GOAL OF THE EXERCISE: From the line with "Restricted handgun Smith" through the line with "रिपोर्ट:लक्ष्मण बिष्ट : लोहाघाट", inclusive, return each line of the data below exactly and leave the rest out.

[Entries taken from a collection]
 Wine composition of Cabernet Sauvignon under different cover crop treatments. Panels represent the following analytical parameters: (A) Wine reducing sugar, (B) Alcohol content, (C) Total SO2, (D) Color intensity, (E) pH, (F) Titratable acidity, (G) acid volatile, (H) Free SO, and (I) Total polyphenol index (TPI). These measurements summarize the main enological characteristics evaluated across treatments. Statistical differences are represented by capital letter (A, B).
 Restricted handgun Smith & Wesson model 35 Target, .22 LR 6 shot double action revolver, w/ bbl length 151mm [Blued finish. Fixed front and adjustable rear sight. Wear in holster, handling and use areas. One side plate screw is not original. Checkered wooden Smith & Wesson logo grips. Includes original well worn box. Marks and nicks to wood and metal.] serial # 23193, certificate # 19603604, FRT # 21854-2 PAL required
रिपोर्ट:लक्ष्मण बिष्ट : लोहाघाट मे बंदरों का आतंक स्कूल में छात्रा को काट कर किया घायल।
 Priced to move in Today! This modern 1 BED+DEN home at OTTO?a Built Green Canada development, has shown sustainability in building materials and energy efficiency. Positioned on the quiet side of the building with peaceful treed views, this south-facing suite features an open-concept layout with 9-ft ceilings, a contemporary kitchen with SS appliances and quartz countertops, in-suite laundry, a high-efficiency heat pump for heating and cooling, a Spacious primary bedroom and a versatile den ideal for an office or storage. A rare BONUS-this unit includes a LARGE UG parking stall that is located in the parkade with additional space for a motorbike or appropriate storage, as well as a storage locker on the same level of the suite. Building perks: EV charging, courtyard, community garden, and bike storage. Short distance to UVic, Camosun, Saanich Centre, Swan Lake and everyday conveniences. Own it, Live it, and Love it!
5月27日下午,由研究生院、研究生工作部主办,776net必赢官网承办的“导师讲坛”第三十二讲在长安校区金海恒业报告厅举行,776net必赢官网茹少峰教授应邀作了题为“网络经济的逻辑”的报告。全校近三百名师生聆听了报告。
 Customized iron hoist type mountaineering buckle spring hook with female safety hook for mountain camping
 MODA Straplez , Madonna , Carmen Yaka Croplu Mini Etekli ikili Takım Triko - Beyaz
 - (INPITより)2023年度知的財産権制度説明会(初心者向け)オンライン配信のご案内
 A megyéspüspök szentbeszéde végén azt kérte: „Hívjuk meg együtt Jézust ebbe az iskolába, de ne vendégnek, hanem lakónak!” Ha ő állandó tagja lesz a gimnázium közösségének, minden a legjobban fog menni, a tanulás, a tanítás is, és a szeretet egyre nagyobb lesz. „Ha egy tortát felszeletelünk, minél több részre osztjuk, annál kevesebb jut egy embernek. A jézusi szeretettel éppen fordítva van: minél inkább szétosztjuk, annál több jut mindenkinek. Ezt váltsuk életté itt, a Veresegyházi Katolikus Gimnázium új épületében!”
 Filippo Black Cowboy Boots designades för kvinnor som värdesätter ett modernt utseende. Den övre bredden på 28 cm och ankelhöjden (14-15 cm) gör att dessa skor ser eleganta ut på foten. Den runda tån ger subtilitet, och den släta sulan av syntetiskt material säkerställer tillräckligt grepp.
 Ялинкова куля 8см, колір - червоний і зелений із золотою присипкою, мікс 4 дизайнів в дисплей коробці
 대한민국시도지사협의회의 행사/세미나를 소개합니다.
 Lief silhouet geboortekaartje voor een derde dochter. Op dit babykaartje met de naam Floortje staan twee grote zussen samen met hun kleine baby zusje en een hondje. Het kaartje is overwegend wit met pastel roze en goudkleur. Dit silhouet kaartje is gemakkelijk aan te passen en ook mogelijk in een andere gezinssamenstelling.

REPLY:
 Restricted handgun Smith & Wesson model 35 Target, .22 LR 6 shot double action revolver, w/ bbl length 151mm [Blued finish. Fixed front and adjustable rear sight. Wear in holster, handling and use areas. One side plate screw is not original. Checkered wooden Smith & Wesson logo grips. Includes original well worn box. Marks and nicks to wood and metal.] serial # 23193, certificate # 19603604, FRT # 21854-2 PAL required
रिपोर्ट:लक्ष्मण बिष्ट : लोहाघाट मे बंदरों का आतंक स्कूल में छात्रा को काट कर किया घायल।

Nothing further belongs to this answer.